The Institute will establish the UK as a global hub for safety research, deepening the UK’s stake in this strategically important technology. By improving the safety of advanced AI, the Institute will pave the way for increased adoption of advanced AI in this country, so that the UK is well-placed to seize these benefits.

Functions

The Institute will adjust its activities within the scope of its headline mission to ensure maximum impact in a rapidly evolving field. It will initially perform 3 core functions:

  • Develop and conduct evaluations on advanced AI systems, aiming to characterise safety-relevant capabilities, understand the safety and security of systems, and assess their societal impacts
  • Drive foundational AI safety research, including through launching a range of exploratory research projects and convening external researchers
  • Facilitate information exchange, including by establishing – on a voluntary basis and subject to existing privacy and data regulation – clear information-sharing channels between the Institute and other national and international actors, such as policymakers, international partners, private companies, academia, civil society, and the broader public

Each of these functions is considered in greater detail below.

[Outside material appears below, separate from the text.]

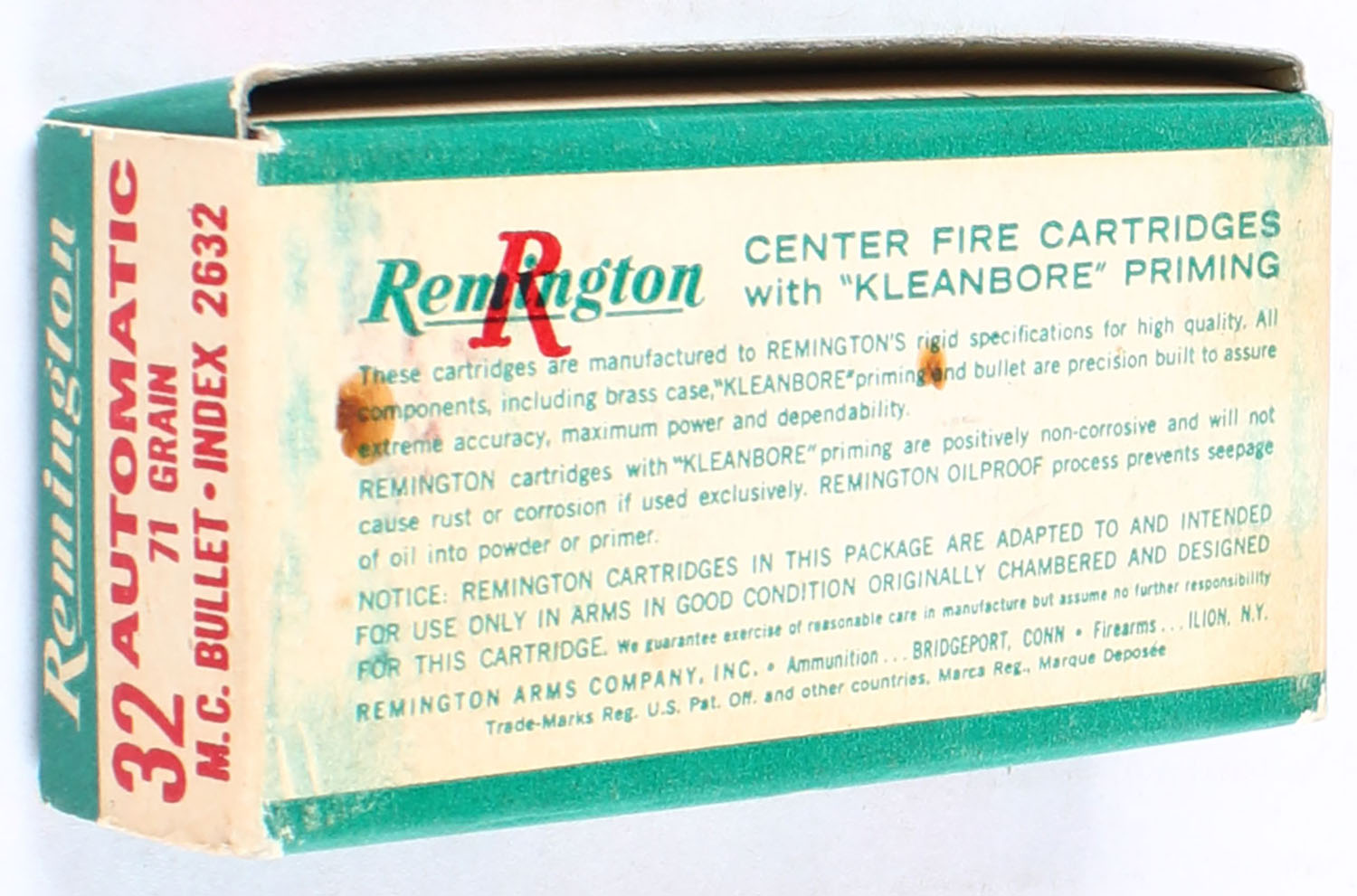 Remington, Center Fire Cartridges, .32 Auto., 71 Grain Metal Case, Full, 1pc. Green white & red box, box is solid with very good color, some age soiling & shelf wear, ammo is excellent. Grade: Very Good ++ - Value: 10 to 30

Develop and conduct AI system evaluations

AI system evaluations are thorough assessments of a system’s safety-relevant properties. These properties include:

  • Capabilities most relevant to AI misuse, such as the ability to meaningfully lower barriers for a human attacker seeking to cause real-world harm
  • Capabilities that might exacerbate existing and future societal harms, such as psychological impacts, manipulation and persuasion, impacts on democracy, biased outputs and reasoning, or systemic discrimination
  • System safety and security, such as understanding the efficacy and limitations of system safeguards and the adequacy of cybersecurity measures
  • Abilities and tendencies that might lead to loss of control, such as deceiving human operators, autonomously replicating, and adapting to human attempts to intervene

Further detail can be found in Box 1.

As agreed at the 2023 Global AI Safety Summit, ensuring the safety of advanced AI systems is a shared responsibility across all steps from early AI development to its use, and in particular between the actors developing and deploying them. Developers both have responsibility to devise and conduct safety testing through evaluations, transparency, and other appropriate measures, and the technical means of mitigating risks and addressing vulnerabilities. We see a key role for government in providing external evaluations independent of commercial pressures and supporting greater standardisation and promotion of best practice in evaluation more broadly. This is also reflected in our publication on Emerging Processes for Frontier AI Safety, which details the role independent, external evaluations can play in ensuring safety.

AI safety research and work related to evaluations, is becoming more prevalent in academia. There are also a range of private sector efforts to build tools to evaluate AI systems, such as those highlighted by the Department for Science, Innovation and Technology’s (DSIT) portfolio of AI assurance techniques. However, only a small number of private organisations are currently evaluating the most advanced AI systems. Most of these evaluations are taking place inside the top AI tech companies. Governments and any external parties are unable to verify the results of these evaluations.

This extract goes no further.